__TASK BRIEF__.
Your answer must match, word for word, the lines from the one holding "3、報考費網(wǎng)上繳" through the final line below, with pictures excluded.

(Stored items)
######

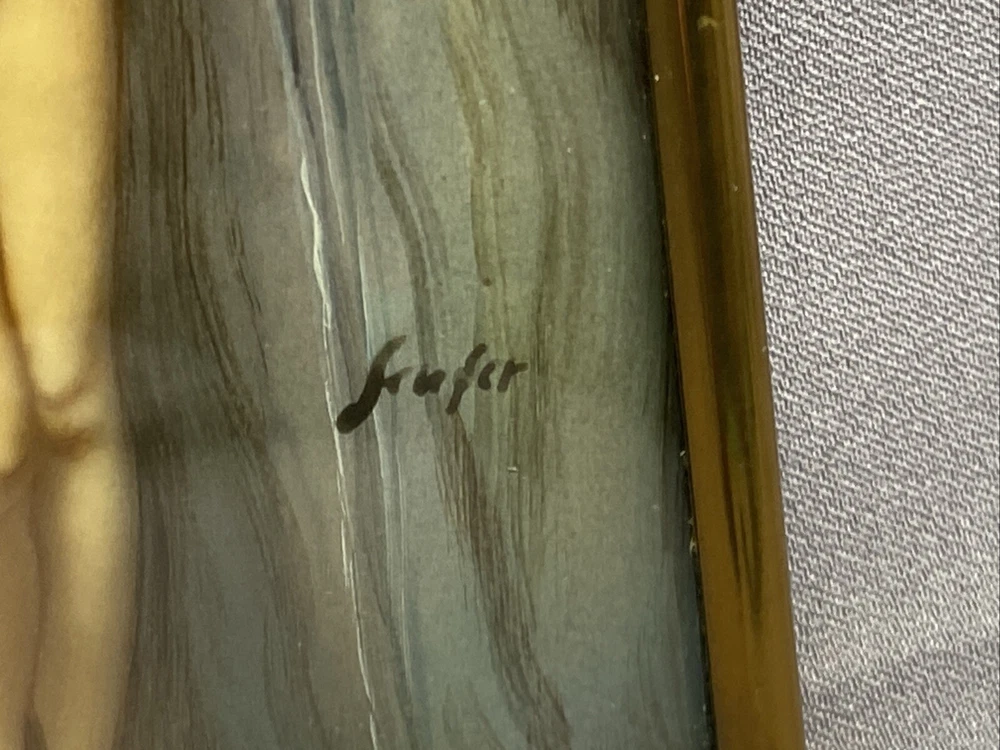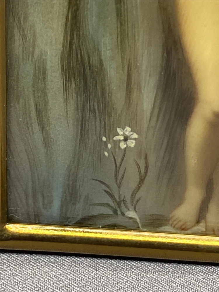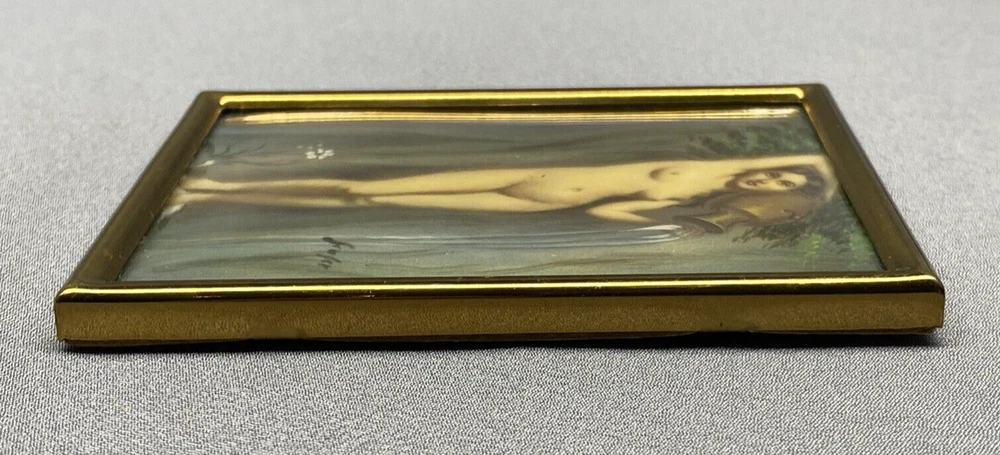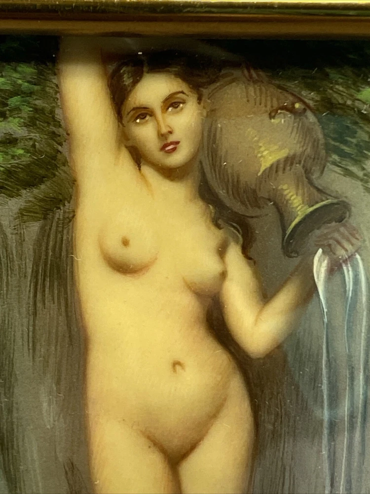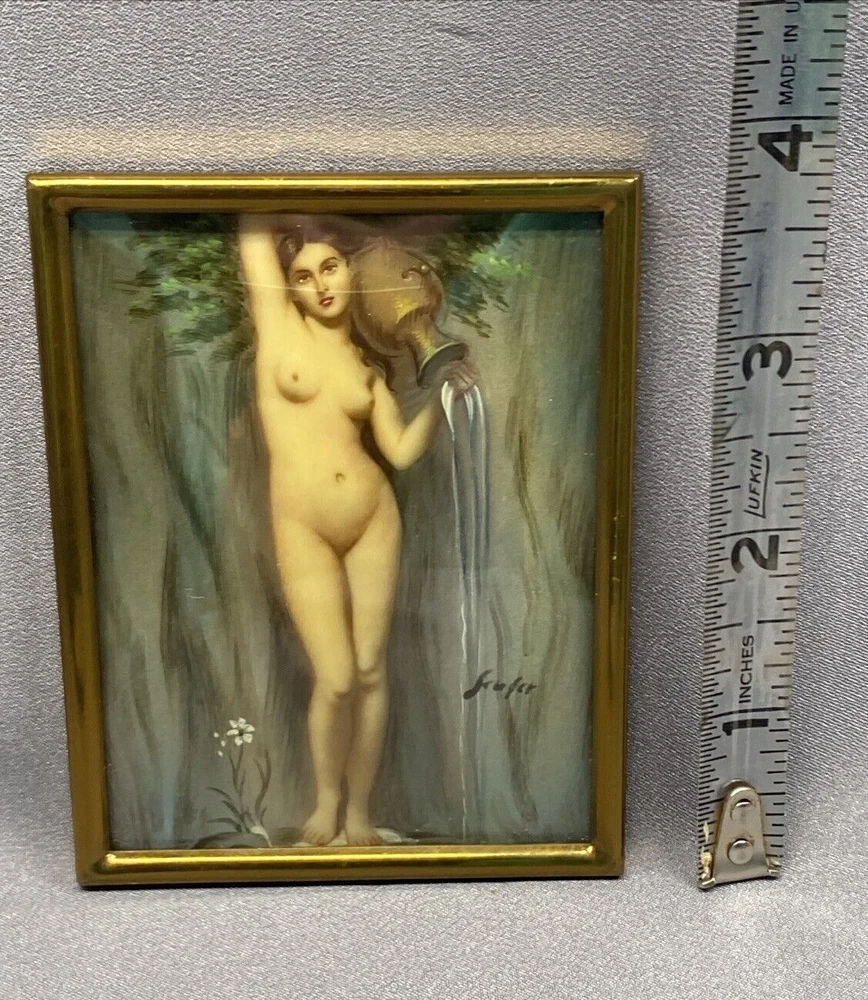 For sale is this beautiful, signed vintage nude portrait of a women pouring water. It measures approximately 3 5/8" tall & 3" wide. Back of frame has wear. See photos.
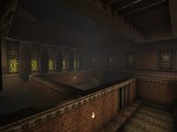 I went over this one in the postmortem for "Arrogant Erratum" as the map concept carried over there, but here's a few more shots of it. I do have a fondness for the warm color palette, but the brushwork was unworkable thanks to Worldcraft's preview window having the worst FOV and me misjudging all the distances. Still, lovely that more of it survives than initially thought.
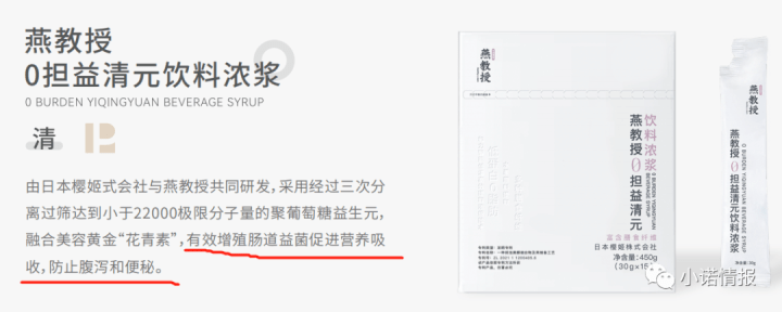 然后我们看到的是“燕教授”宣传的文案和图片中标注了很多功效,比如:“0担益清元饮料浓浆”标注“有效增殖肠道益菌促进营养吸收,防止腹泻和便秘”。
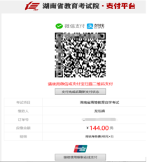 3、報考費網(wǎng)上繳費須在報考當日的21:00前完成,逾期視為放棄當日的報考,需第二天重新報考。考生須認真核對考區(qū)和報考課程是否正確后再繳費,繳費完成后所有報考信息不予修改,報考費不予退還。考生報考成功的標志是所報考課程的繳費狀態(tài)為“已繳費”。
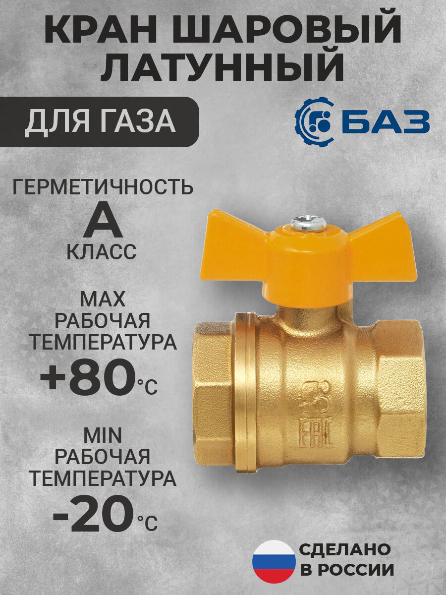 Купить Кран латунный шаровый для газа Ду25 (1″) Бабочка ВН/ВН БАЗ с доставкой по всей России.

######

__RESPONSE BOX__.
 3、報考費網(wǎng)上繳費須在報考當日的21:00前完成,逾期視為放棄當日的報考,需第二天重新報考。考生須認真核對考區(qū)和報考課程是否正確后再繳費,繳費完成后所有報考信息不予修改,報考費不予退還。考生報考成功的標志是所報考課程的繳費狀態(tài)為“已繳費”。
 Купить Кран латунный шаровый для газа Ду25 (1″) Бабочка ВН/ВН БАЗ с доставкой по всей России.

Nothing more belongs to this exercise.